**WORK ITEM:** The entries below are to be returned as written, with all pictures dropped.

=== Section Start ===

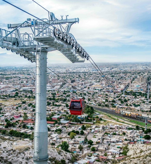 Muy por encima de la ciudad de Torreón, en el norte de México, la radiante figura blanca de Cristo recibe a los peregrinos y turistas con los brazos abiertos. Cada año, miles de personas acuden a este lugar de peregrinaje en el estado de Coahuila. Hasta ahora, muchos visitantes han subido a pie al cerro de las Noas para ver el famoso monumento, la iglesia y el restaurante panorámico. Desde 2017, pueden subir a un cómodo teleférico directamente desde el centro histórico de la ciudad del desierto hasta la estatua de 22 metros y disfrutar de la fabulosa vista allí. La administración municipal de Torreón, al borde del desierto de Chihuahua, también hizo construir un parque y una ruta para bicicletas de montaña además del teleférico, para hacer que la zona sea aún más atractiva para los turistas.
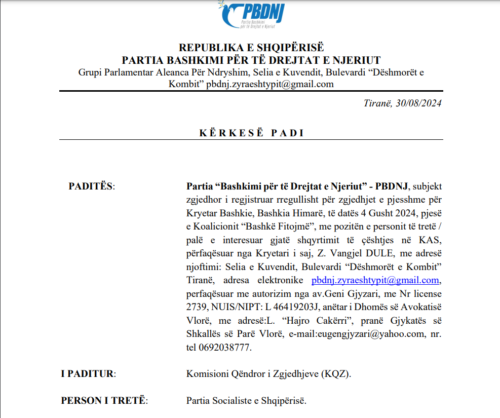 Veç Partisë Demokratike që ankimoi në Kolegjin Zgjedhor zgjedhjet e 4 gushtit në Himarë, edhe Partia Bashkimi për të Drejtat e Njeriut ka bërë një kërkesë padi në Kolegjin Zgjedhor, ku mes të tjerash kërkon pavlefshmëri të zgjedhjeve në të gjitha qendrat e votimit. Objekti i padisë është si më poshtë.
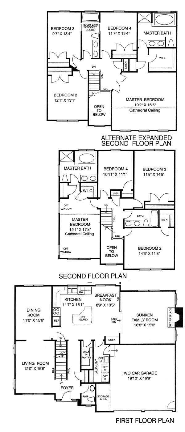 These floor plans are semi-custom. The Patrick Henry II has a traditional floor plan with excellent use of space. The kitchen, dining, breakfast nook and sunken family room are located on the back side of the house. The bedrooms are spacious and the master suite has a cathedral ceiling with a luxury bath. These floor plans can be modified to meet the demands of your tastes and family.
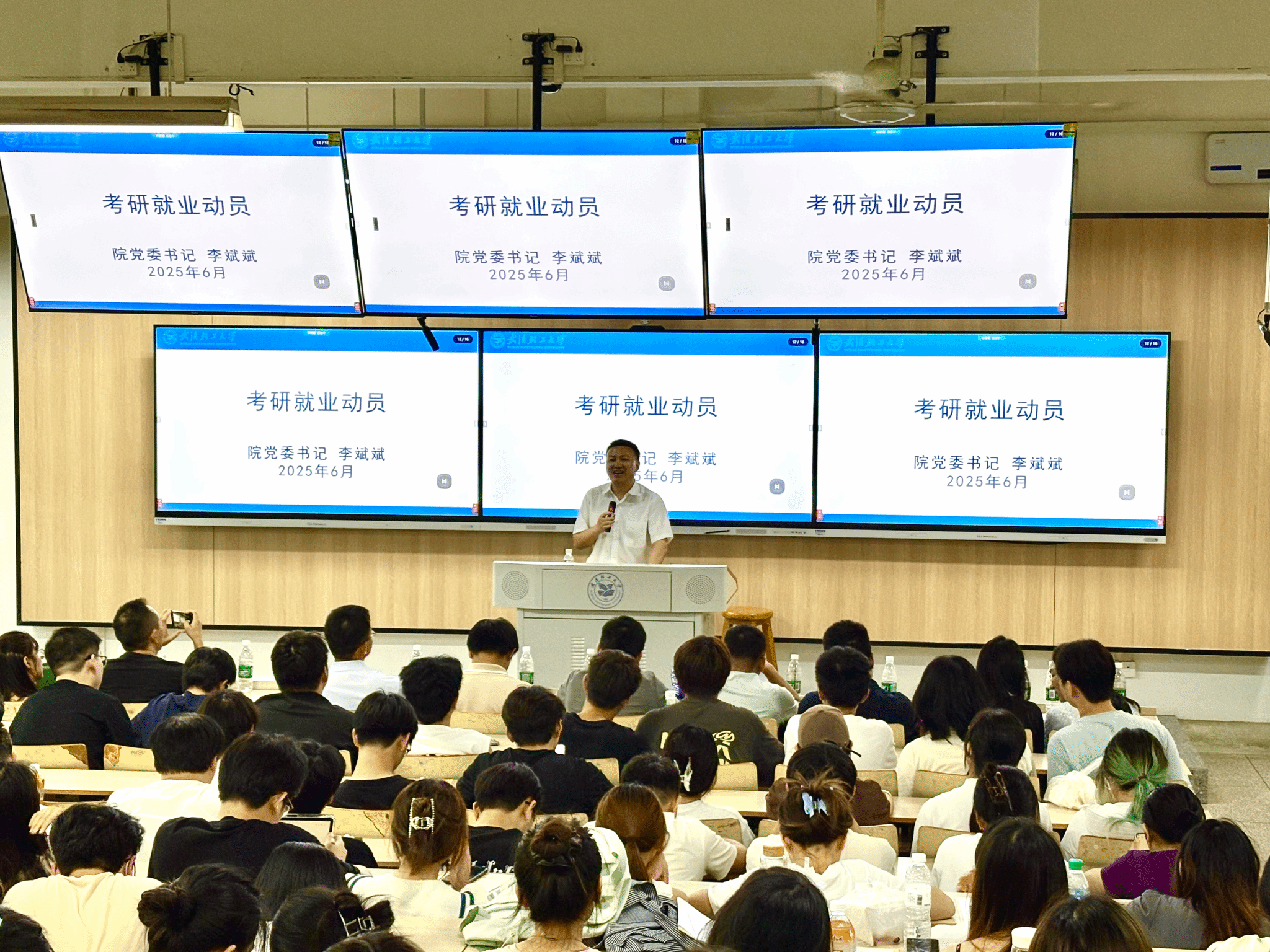 李斌斌介绍了近年学院考研就业形势,向2026届本科毕业生提出三点希望。一是合理制定考研就业目标,通过一条经验和一个教训勉励同学们在考研就业中争取主动,避免盲目跟风选择热门赛道。二是科学规划职业路径,在考研、就业、考公中做好充足准备,把握“自我认知”与“外部调研”两个关键。三是保持坚韧心态,以积极姿态拥抱成长与可能,平衡学业与生活,通过运动、社交、兴趣爱好释放压力,保持身心健康。他强调,多年来学院始终践行“每个学生都很珍贵”的学生工作理念,在考研就业中会为每名学子提供优质、暖心、周到的服务保障,千方百计促进毕业生高质量充分就业。
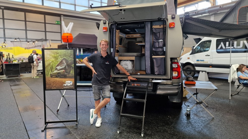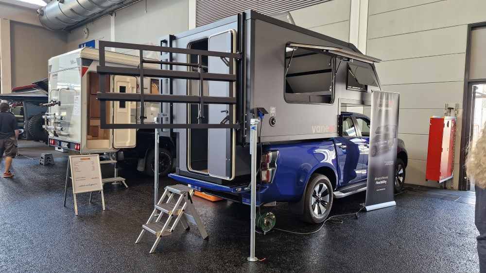 Oliver Gitschier von Womo4you hat eine Neuheit mitgebracht: den Vanexxt -Die Pickupboxx. Eine superleichte Absetzkabine (nur 430 kg), die für alle EU Pickups geeignet ist. Und trotzdem einen großzügigen Innenraum bietet.
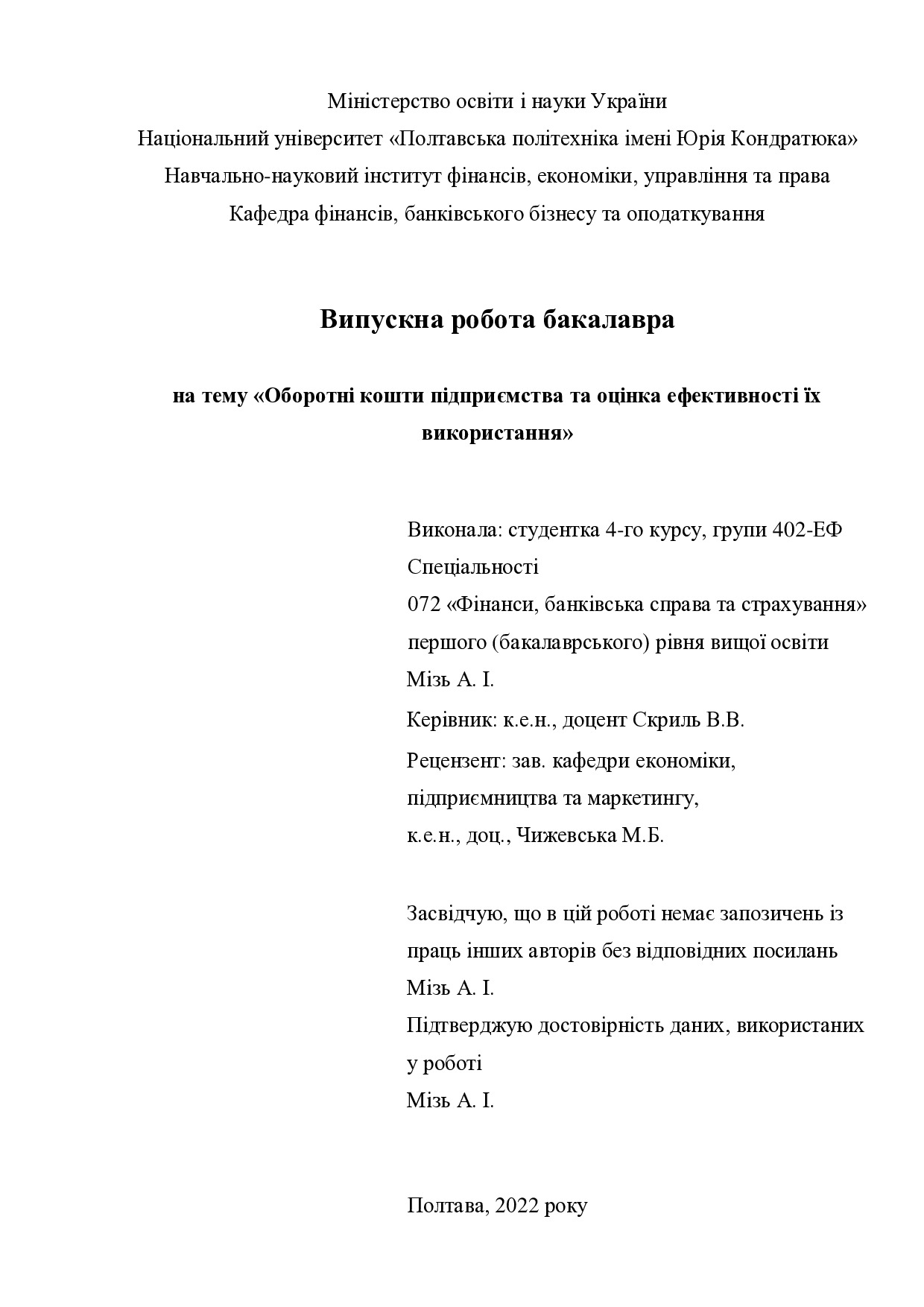 Оборотні кошти підприємства та оцінка ефективності їх використання
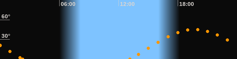 Höchster Stand (Kulmination)19:41 Uhr (h = 45.3°)
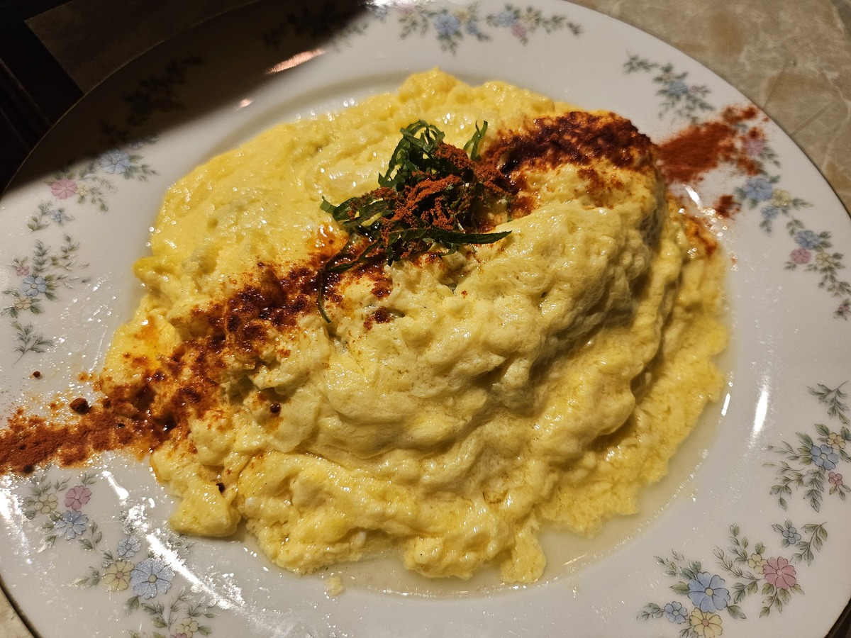 「あん肝ポン酢」は驚くほど柔らかく、「さばりがっこ」は酒のつまみとして申し分ない。どれもとにかく美味しかったのだが、中でもこの「オムライス【黒】」は衝撃的だった。
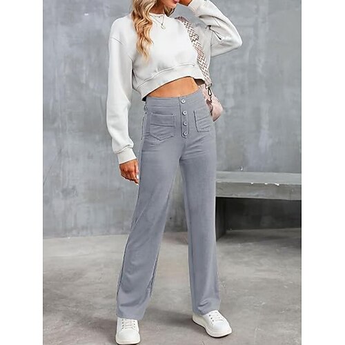 Per donna Gamba larga Chinos Vacanza Streetwear Casual Lunghezza intera Vita media Semplice Elastico in vita Confortevole Traspirante Micro-elastico All'aperto Vacanza Quotidiano Rosso Grigio chiaro

=== Section End ===

**EXERCISE RESPONSE:**
 Muy por encima de la ciudad de Torreón, en el norte de México, la radiante figura blanca de Cristo recibe a los peregrinos y turistas con los brazos abiertos. Cada año, miles de personas acuden a este lugar de peregrinaje en el estado de Coahuila. Hasta ahora, muchos visitantes han subido a pie al cerro de las Noas para ver el famoso monumento, la iglesia y el restaurante panorámico. Desde 2017, pueden subir a un cómodo teleférico directamente desde el centro histórico de la ciudad del desierto hasta la estatua de 22 metros y disfrutar de la fabulosa vista allí. La administración municipal de Torreón, al borde del desierto de Chihuahua, también hizo construir un parque y una ruta para bicicletas de montaña además del teleférico, para hacer que la zona sea aún más atractiva para los turistas.
 Veç Partisë Demokratike që ankimoi në Kolegjin Zgjedhor zgjedhjet e 4 gushtit në Himarë, edhe Partia Bashkimi për të Drejtat e Njeriut ka bërë një kërkesë padi në Kolegjin Zgjedhor, ku mes të tjerash kërkon pavlefshmëri të zgjedhjeve në të gjitha qendrat e votimit. Objekti i padisë është si më poshtë.
 These floor plans are semi-custom. The Patrick Henry II has a traditional floor plan with excellent use of space. The kitchen, dining, breakfast nook and sunken family room are located on the back side of the house. The bedrooms are spacious and the master suite has a cathedral ceiling with a luxury bath. These floor plans can be modified to meet the demands of your tastes and family.
 李斌斌介绍了近年学院考研就业形势,向2026届本科毕业生提出三点希望。一是合理制定考研就业目标,通过一条经验和一个教训勉励同学们在考研就业中争取主动,避免盲目跟风选择热门赛道。二是科学规划职业路径,在考研、就业、考公中做好充足准备,把握“自我认知”与“外部调研”两个关键。三是保持坚韧心态,以积极姿态拥抱成长与可能,平衡学业与生活,通过运动、社交、兴趣爱好释放压力,保持身心健康。他强调,多年来学院始终践行“每个学生都很珍贵”的学生工作理念,在考研就业中会为每名学子提供优质、暖心、周到的服务保障,千方百计促进毕业生高质量充分就业。
 Oliver Gitschier von Womo4you hat eine Neuheit mitgebracht: den Vanexxt -Die Pickupboxx. Eine superleichte Absetzkabine (nur 430 kg), die für alle EU Pickups geeignet ist. Und trotzdem einen großzügigen Innenraum bietet.
 Оборотні кошти підприємства та оцінка ефективності їх використання
 Höchster Stand (Kulmination)19:41 Uhr (h = 45.3°)
 「あん肝ポン酢」は驚くほど柔らかく、「さばりがっこ」は酒のつまみとして申し分ない。どれもとにかく美味しかったのだが、中でもこの「オムライス【黒】」は衝撃的だった。
 Per donna Gamba larga Chinos Vacanza Streetwear Casual Lunghezza intera Vita media Semplice Elastico in vita Confortevole Traspirante Micro-elastico All'aperto Vacanza Quotidiano Rosso Grigio chiaro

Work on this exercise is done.